Everybody has to start somewhere, and everybody makes mistakes. I never intended to purchase a server, but while shopping online for hard drives for my ever growing collection of Linux ISOs, I stumbled across a 4TB drive on Amazon for only $30 USD. I purchased the drive without a second thought, but when it arrived, I noticed it didn't fit in my PC... After hours of struggling, I finally looked it up and realized I had purchased a SAS drive, rather than SATA.

At the time I didn't know what SAS drives were, I thought it was no different than SATA. I was wrong. After doing research, albeit poor research, I decided I needed to purchase a device capable of using SAS drives, I scrolled through Newegg, Amazon, and Ebay, looking for servers. I stumbled across a refurbished HP ProLiant DL380 Server for $149 on Newegg.

However, when it arrived I realized something.. it only had space for 2.5 inch drives, so instead of returning the server, I took it apart and plugged the drive into the backplane and set the drive on top. It was very sketchy, but it worked. Then I had another issue, the server had no SATA power for my other drives. I ended up taking a power supply from my dad's old Dell PC and used a paperclip, shorting two pins and using that for SATA power. What's worse is that I used this method for my boot drive, which was an old 2.5 inch SSD I had lying around.
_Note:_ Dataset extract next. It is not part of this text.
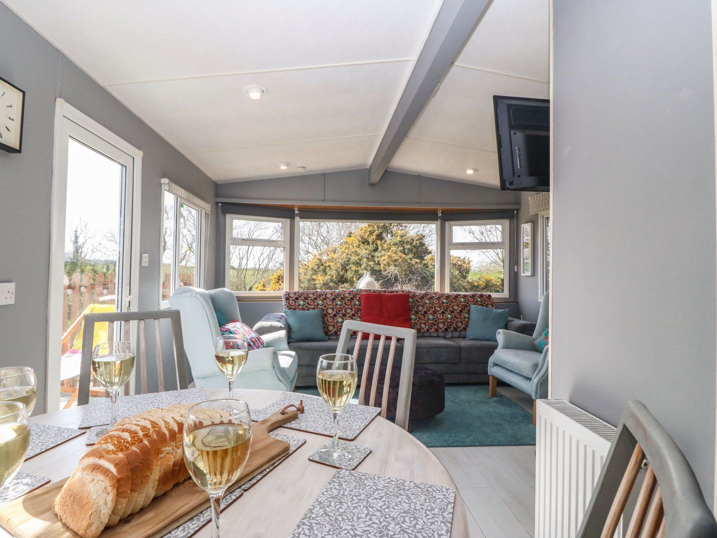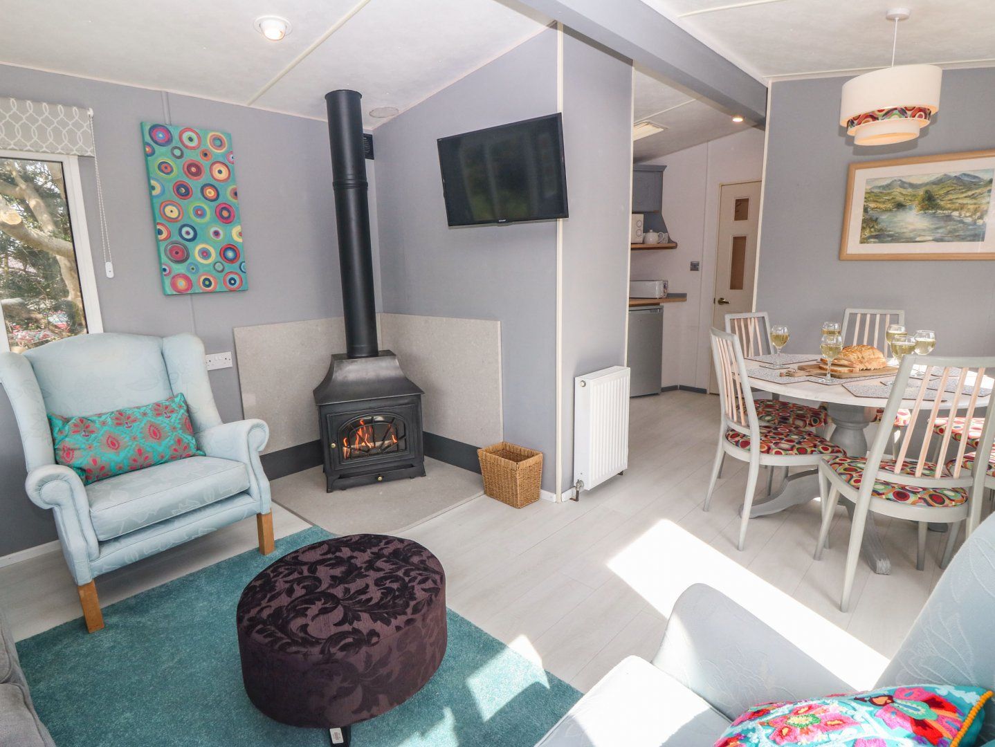 The living areas in this single-storey lodge consist of an open-plan kitchen, dining area and sitting area with a gas oven and hob, microwave, and fridge, and a gas fire and a Smart TV. The bedrooms consist of a double, and two twins, serviced by a shower room. Outside there is a front lawn, with an elevated patio with picnic bench, and a private driveway. One well-behaved dog welcomed, but sorry, no smoking. Fuel, power, bed linen and towels are all included in the price. You'll find a shop in 3 miles and a pub in 2.3 miles. Treferwyn Caravan is a wonderful base for a rural break to Gwynedd. Note: There are steps up to the lodge. Note: This property does not have WiFi. Note: The field next door houses horses. Note: This property has a 4-night minimum stay policy.

I don't recommend doing this for a boot drive like I did.

I ended up using Ubuntu as the operating system. I knew nothing about Linux, I think some reddit user recommended it. I still use Ubuntu to this day for all my servers, but I soon plan to switch to visualizing my servers to save space and money. Learning Linux from scratch took me longer than I'd like to admit, even after 4 years I still end up having to google a simple command I've done hundreds of times. This server ran Plex, Sonarr, Radarr, Jellyfin, and the occasional 2 week Minecraft server.

This server ran for over 3 years without issue, I can actually recommend buying an old refurbished server for starting your own HomeLab, if you can deal with the excess power consumption, the noise, and the headaches of having older hardware. But for $150? I recommend it!